> _Exercise directions_
Set the pictures aside and write down, exactly as they appear, the lines from the one containing "豚ひき肉、チンゲン菜、ねぎ、パクチー、白すりごま、花椒" through the end of the material.

*** Begin section ***

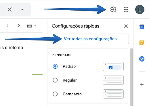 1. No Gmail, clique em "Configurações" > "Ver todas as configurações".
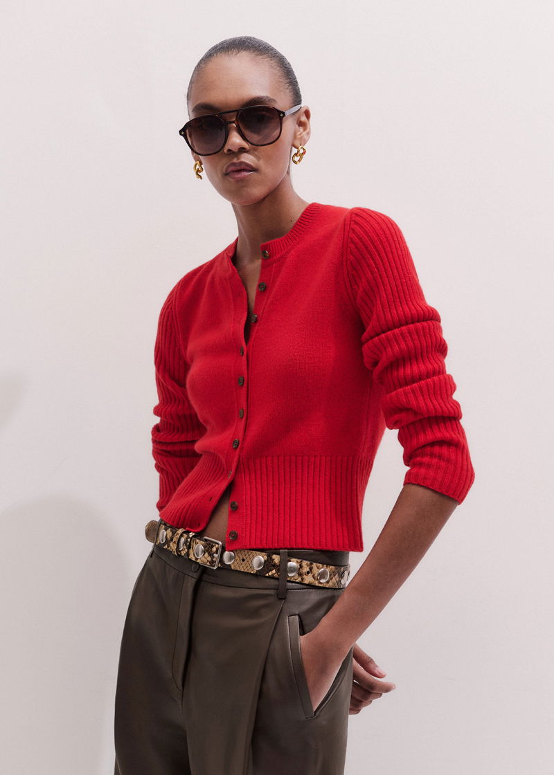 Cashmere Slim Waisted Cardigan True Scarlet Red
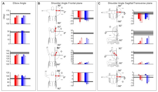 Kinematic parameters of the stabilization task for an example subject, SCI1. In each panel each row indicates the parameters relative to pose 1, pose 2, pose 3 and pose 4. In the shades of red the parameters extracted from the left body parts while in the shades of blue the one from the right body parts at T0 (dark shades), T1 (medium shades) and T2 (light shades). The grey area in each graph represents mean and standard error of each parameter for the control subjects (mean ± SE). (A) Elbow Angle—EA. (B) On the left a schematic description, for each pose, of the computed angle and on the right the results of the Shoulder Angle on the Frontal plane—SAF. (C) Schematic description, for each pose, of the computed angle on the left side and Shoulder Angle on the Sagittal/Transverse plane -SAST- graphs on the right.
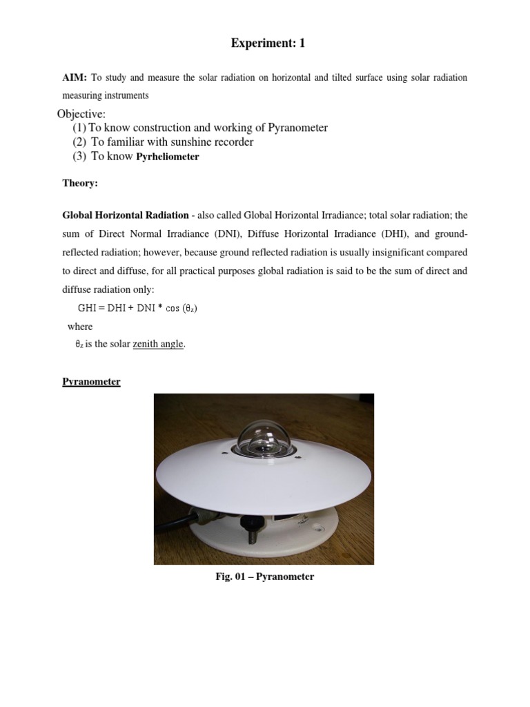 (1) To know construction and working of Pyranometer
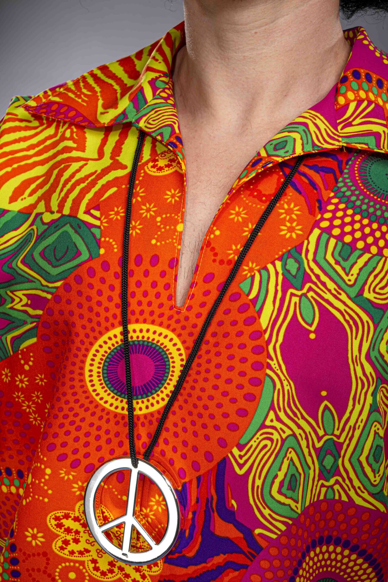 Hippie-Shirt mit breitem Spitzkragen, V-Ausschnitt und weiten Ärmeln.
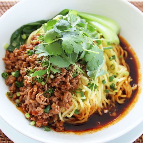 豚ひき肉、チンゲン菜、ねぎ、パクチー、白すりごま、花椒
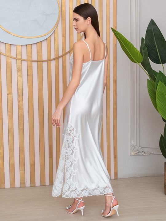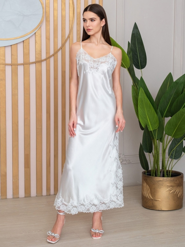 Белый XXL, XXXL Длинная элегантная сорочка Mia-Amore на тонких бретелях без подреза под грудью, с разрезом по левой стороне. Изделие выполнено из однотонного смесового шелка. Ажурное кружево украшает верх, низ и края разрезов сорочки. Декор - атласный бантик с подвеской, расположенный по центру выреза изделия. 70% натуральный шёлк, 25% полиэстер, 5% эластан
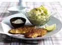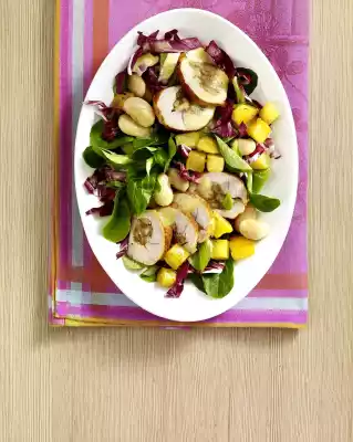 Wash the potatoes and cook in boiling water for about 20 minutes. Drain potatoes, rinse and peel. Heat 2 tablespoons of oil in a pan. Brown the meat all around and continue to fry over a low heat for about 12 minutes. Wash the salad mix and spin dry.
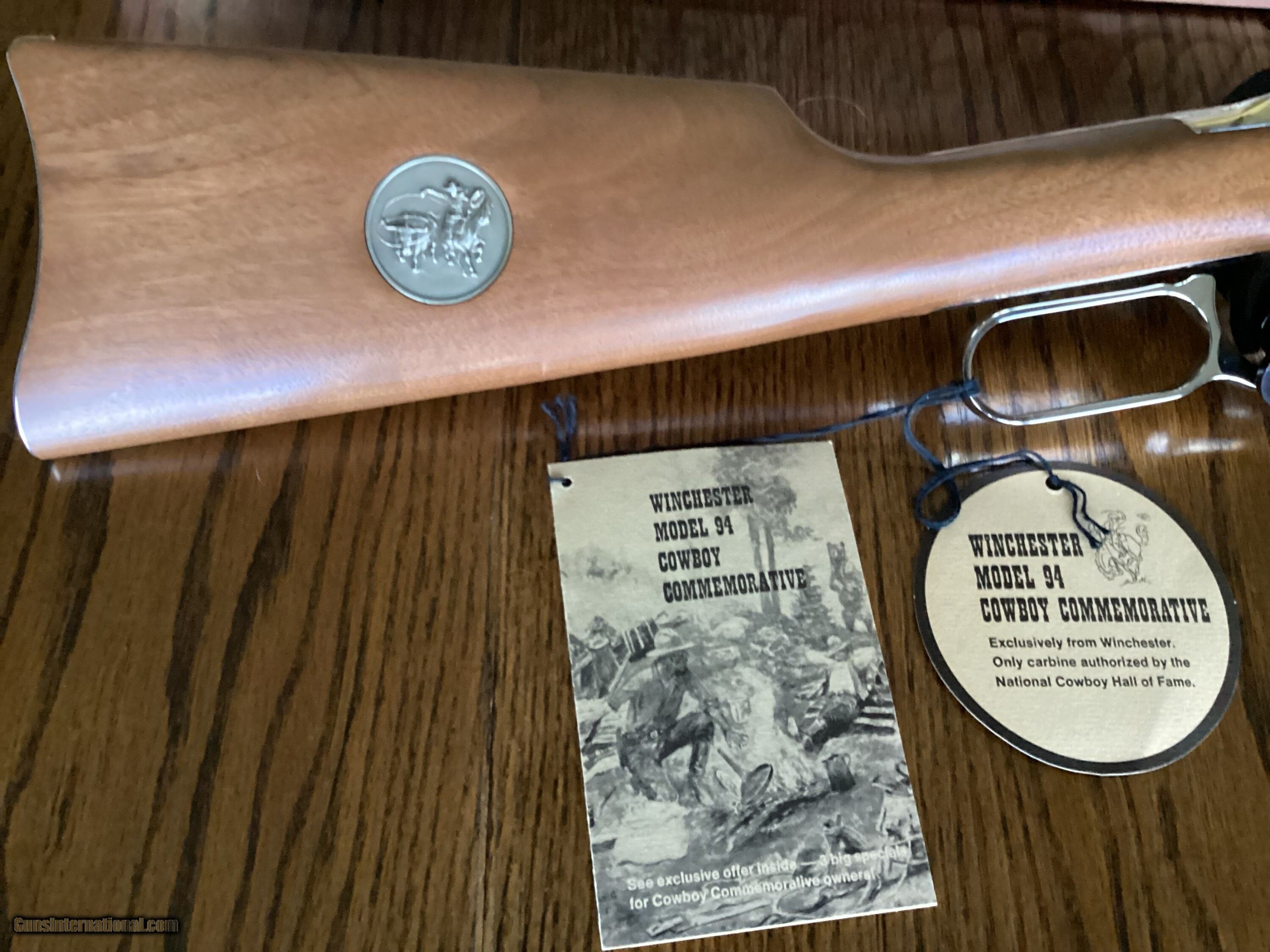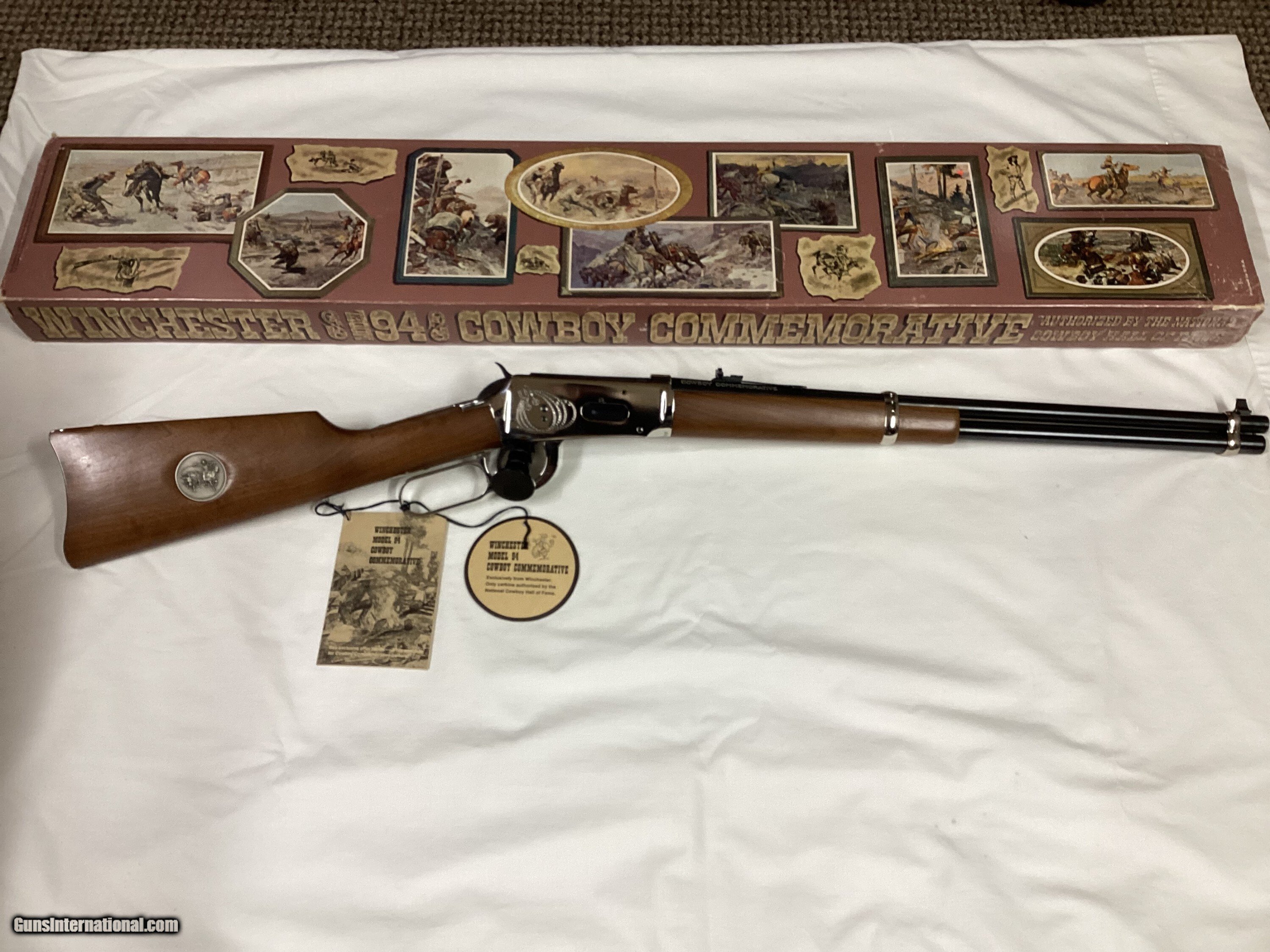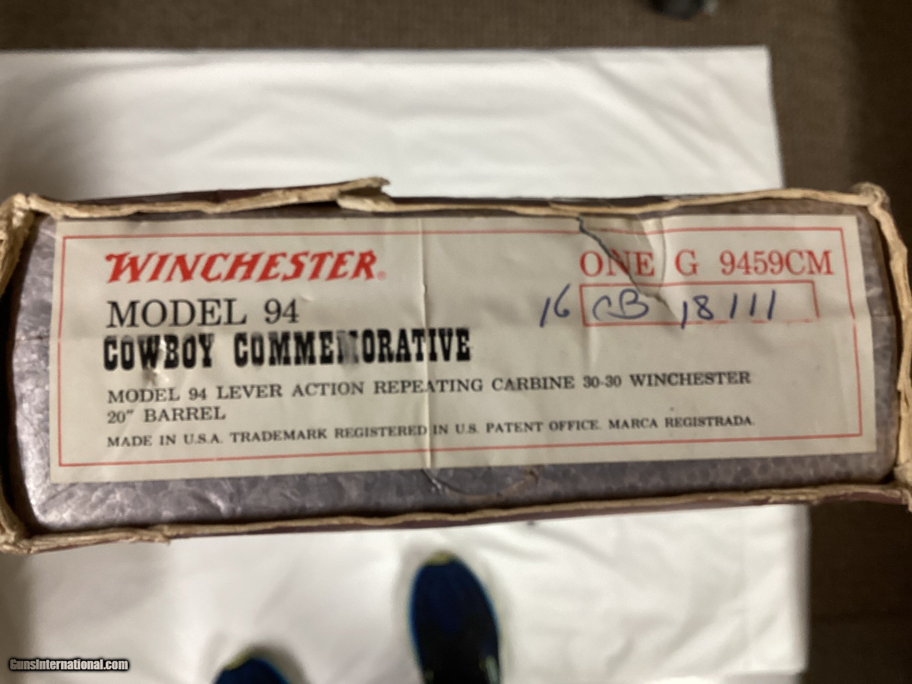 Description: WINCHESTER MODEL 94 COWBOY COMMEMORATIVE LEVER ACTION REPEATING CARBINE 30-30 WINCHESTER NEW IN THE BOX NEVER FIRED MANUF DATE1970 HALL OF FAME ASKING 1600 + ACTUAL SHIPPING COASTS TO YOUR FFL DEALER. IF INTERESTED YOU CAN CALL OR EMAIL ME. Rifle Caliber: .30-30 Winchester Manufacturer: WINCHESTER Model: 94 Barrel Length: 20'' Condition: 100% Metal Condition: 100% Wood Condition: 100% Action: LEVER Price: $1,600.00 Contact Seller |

*** End section ***

> _Answer to the problem_
 豚ひき肉、チンゲン菜、ねぎ、パクチー、白すりごま、花椒
 Белый XXL, XXXL Длинная элегантная сорочка Mia-Amore на тонких бретелях без подреза под грудью, с разрезом по левой стороне. Изделие выполнено из однотонного смесового шелка. Ажурное кружево украшает верх, низ и края разрезов сорочки. Декор - атласный бантик с подвеской, расположенный по центру выреза изделия. 70% натуральный шёлк, 25% полиэстер, 5% эластан
 Wash the potatoes and cook in boiling water for about 20 minutes. Drain potatoes, rinse and peel. Heat 2 tablespoons of oil in a pan. Brown the meat all around and continue to fry over a low heat for about 12 minutes. Wash the salad mix and spin dry.
 Description: WINCHESTER MODEL 94 COWBOY COMMEMORATIVE LEVER ACTION REPEATING CARBINE 30-30 WINCHESTER NEW IN THE BOX NEVER FIRED MANUF DATE1970 HALL OF FAME ASKING 1600 + ACTUAL SHIPPING COASTS TO YOUR FFL DEALER. IF INTERESTED YOU CAN CALL OR EMAIL ME. Rifle Caliber: .30-30 Winchester Manufacturer: WINCHESTER Model: 94 Barrel Length: 20'' Condition: 100% Metal Condition: 100% Wood Condition: 100% Action: LEVER Price: $1,600.00 Contact Seller |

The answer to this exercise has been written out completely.